_Exercise goal_: The answer is the data below, repeated exactly, with no pictures included.

_Provided material_:
******************************
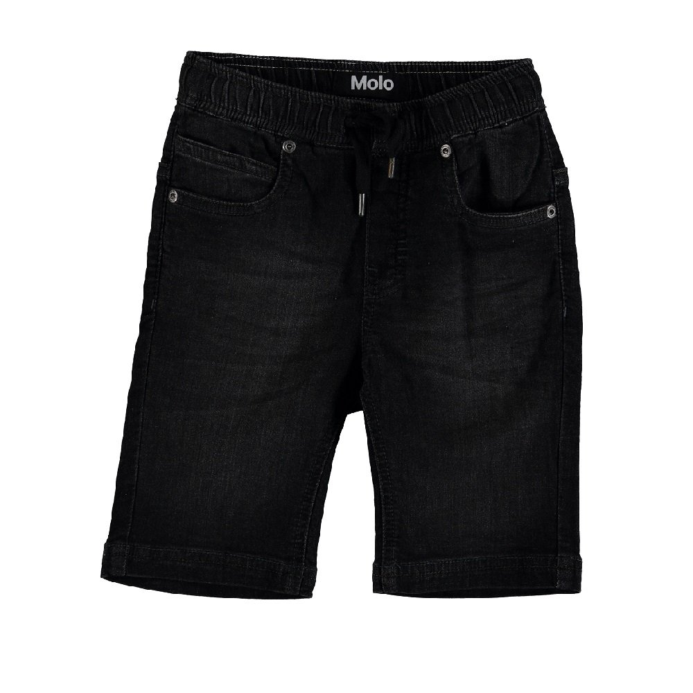 Seje shorts i sort/grå denim til drenge, der lukkes i livet med elastik og snøre
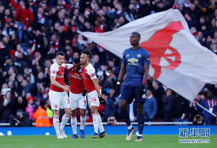 阿森纳队球员扎卡(左一)进球后与队友庆祝。新华社/路透社
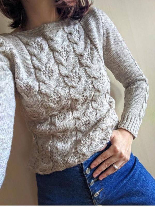 Бирок нет, на ощупь материал похож на акрил. Садится по фигуре, обтягивает. Очень приятный цвет и нежный материал. Мелкая вязка. Состояние супер. Замеры: Длина - 59 см Плечи - 37 см Ширина между подмышками - 41 см Длина рукава - 58 см Ширина рукава сверху - 20 см, снизу - 8 см Ширина снизу - 38 см Стан - идеальный 💕 Доставка Нп в день оплаты.
******************************
_Answer_:
 Seje shorts i sort/grå denim til drenge, der lukkes i livet med elastik og snøre
 阿森纳队球员扎卡(左一)进球后与队友庆祝。新华社/路透社
 Бирок нет, на ощупь материал похож на акрил. Садится по фигуре, обтягивает. Очень приятный цвет и нежный материал. Мелкая вязка. Состояние супер. Замеры: Длина - 59 см Плечи - 37 см Ширина между подмышками - 41 см Длина рукава - 58 см Ширина рукава сверху - 20 см, снизу - 8 см Ширина снизу - 38 см Стан - идеальный 💕 Доставка Нп в день оплаты.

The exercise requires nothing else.